Managed Memory is slower on host than memory allocated with new[]

Good afternoon,

I’m trying out Managed Memory on an AGX Orin, hoping to cut out the transfer times. I’m using cudaStreamAttachMemAsync() to attach Managed Memory buffers to a stream when running a kernel, and using the same to attach the buffer to the host when I want to check the results of the kernel. When I use Managed Memory, checking the results takes 80ms. However, if I switch to standard memory (allocated via new[ ] on the host, cudaMalloc on the device), checking the results only takes 40ms. The data I’m running with is 15,000,000 floats.

Basically, Managed Memory without copies saved me 30 ms ( 40 ms with copies, 10 ms without copies), but it cost me 40 ms ( 80 ms with Managed Memory, 40 ms with normal memory) when it came time to use the results. Is this expected?

CUDA is version 11.4.4.



Just want to confirm that have you applied cudaMemcpy to copy the managed memory data back to CPU?
This is not required since managed memory is synchronized by the GPU driver directly.

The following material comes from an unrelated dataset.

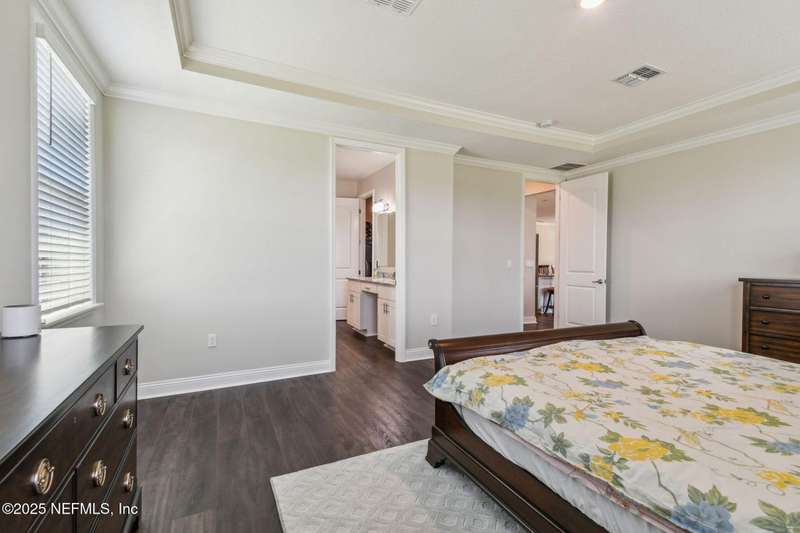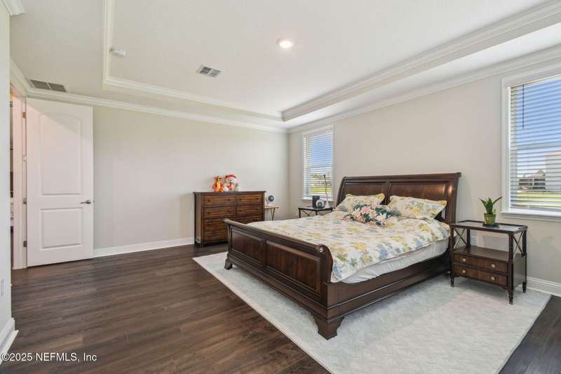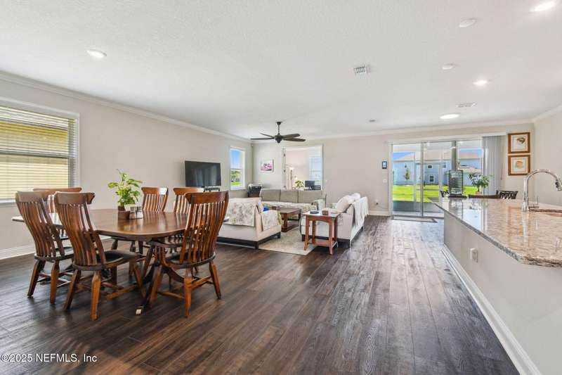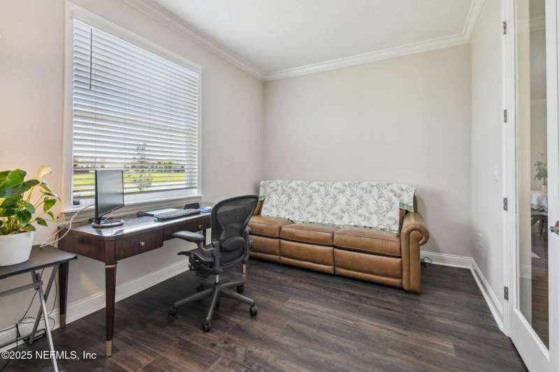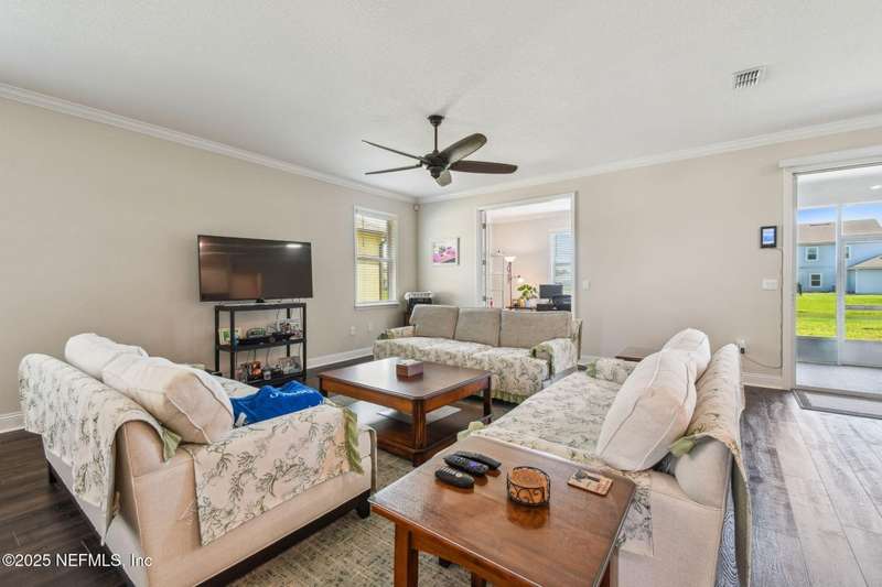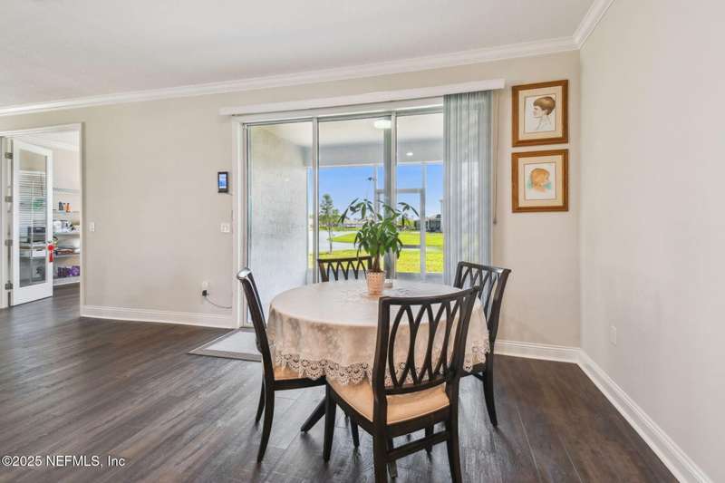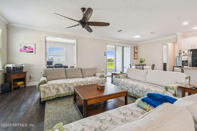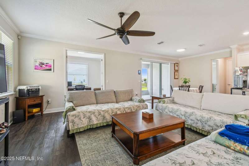 Welcome to this stunning 4-bedroom, 3 bath home with two primary suites in beautiful St Augustine, just minutes from downtown and I-95. This spacious residence features all vinyl plank flooring throughout and includes a versatile flex space perfect for a home office. The gourmet kitchen boasts a massive island, ideal for entertaining, and opens to a living space with serene water views. Enjoy your mornings and evenings on the screened lanai overlooking the water and nature.The main primary suite offers a luxurious retreat with a soaking tub, separate shower and large walk in closets. A 3-car garage includes an electric car charger for your convenience.The home is equipped with keyless entry, a whole house water filtration system and high speed fiber internet.Located in a community with low HOA that includes access to a pool and park. Don't miss this move-in ready home combining comfort, technology and a prime location.

More, could you try to maximize the device’s performance to see if any difference?

$ sudo nvpmodel -m 0
$ sudo jetson_clocks


Since this is an AGX Orin, I didn’t think I needed the cudaMemcpy, since the CPU and GPU use the same RAM chips. There’s documentation on using ManagedMemory on embedded hardware to skip the memory transfers entirely. (I don’t mean have them done automatically, I mean skip them.)

I’m not going to change the clocks: we’ve had issues with units overheating when we do that. I don’t see why that would change anything though: the CPU side is running at the same clock speed regardless of whether the memory was allocated by new[] or cudaMallocManaged, right?

Bah. I missed the line in the Tegra notes document that Unified Memory has an overhead penalty. That’s probably what I’m seeing. CUDA for Tegra, section 4.1., Memory Selection. I may try pinned memory at a later date.


Is your issue fixed after switching to pinned memory?

Haven’t had time to try, and probably won’t for a couple weeks. Just went back to our original code, which uses cudaMalloc and std::vector.

This topic was automatically closed 14 days after the last reply. New replies are no longer allowed.